US prices have risen already, wheat by 21% and corn by 10% since Feb. It didn't help that awful US weather followed by a rapid hot, dry spell hurt Great Plains crops. The prredicted El Niño colder wetter summer can also hurt yields from US fields. So far, Australia is an alternative cheaper source for wheat but it is a half-year behind in its harvest.

We don't play commodities, but we do buy stocks. Higher prices will boost demand for fertilizer and add to political turmoil in importer countries like Egypt. Our play is Agrium which sells nutrients in the US, Canada, and Australia. AGU

*Allana Potash is also up, mainly on the Israel Chemical news I think as it is a long way from production. ALLRF.

*Nokia is up 4.4% after Jefferies upgraded the Finnish firm to buy with a target price of euros 7.41 ($10.11). NOK will use the proceeds from its Microsoft sale to cut debt by euros 2 bn, the brokerage writes. I hope our Yankee bonds 654902AB1 are not a target. It may also be up because Microsoft is enhancing the Surface Pro with a bigger screen.

*Brazil's VALE is recovering thanks to Chinese iron ore prices rising over 1%.Vale.

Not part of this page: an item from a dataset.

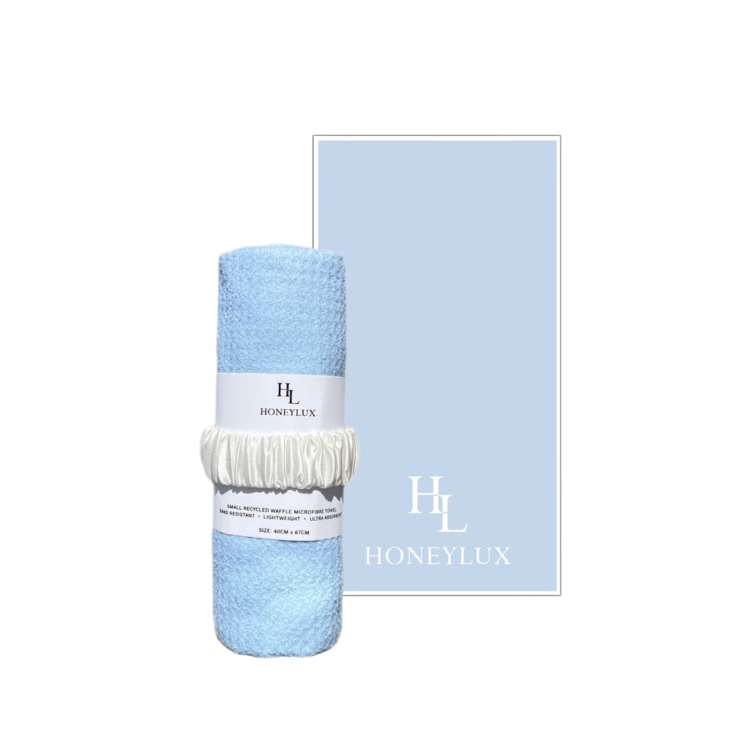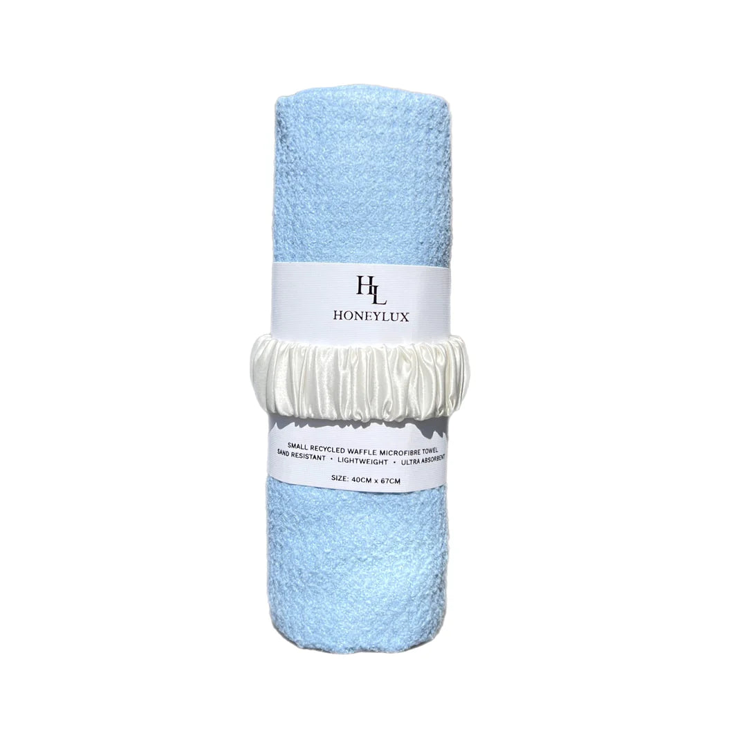 We’re proud to maintain our sustainability standards and use recycled microfibre. Each towel comes with a luxury silk band that can be used for travel or your hair!

*Our Bombardier is off 3% because its trains for the SNCF turn out to be too wide for the platforms. This is the result of rotten specs not an error by the Canadian company. The misfit was revealed today by Le Canard Enchainé and has become a cause celèbre in the France. BDRAF is francophone

*Sociedad Quimica y Minera de Chile, SQM, missed with EPS of 31 cents vs forecasts of 36. We sold SQM over governance issues.

Fund news:

*Motley Fool Singapore issued an adverse report on Yoma Strategic Holdings based on its “treacherous” “exuberant” p/e ratio. Commented Harry Geisel: “We bought Yoma as a Myanmar pure play, not because it was 'cheap.'” Even serious investors need to release their 'animal spirits' in small amounts every now and then.” YMAIF

*Fibra Uno, the Mexican REIT, is acquiring a 6500 sq m office property in Polanco, a neighborhood in Mexico City which will be extended to nearly triple the site. The existing building is 100% occupied. The total cost, including the new construction which is 100% pre-leased, is NMP 750 mn.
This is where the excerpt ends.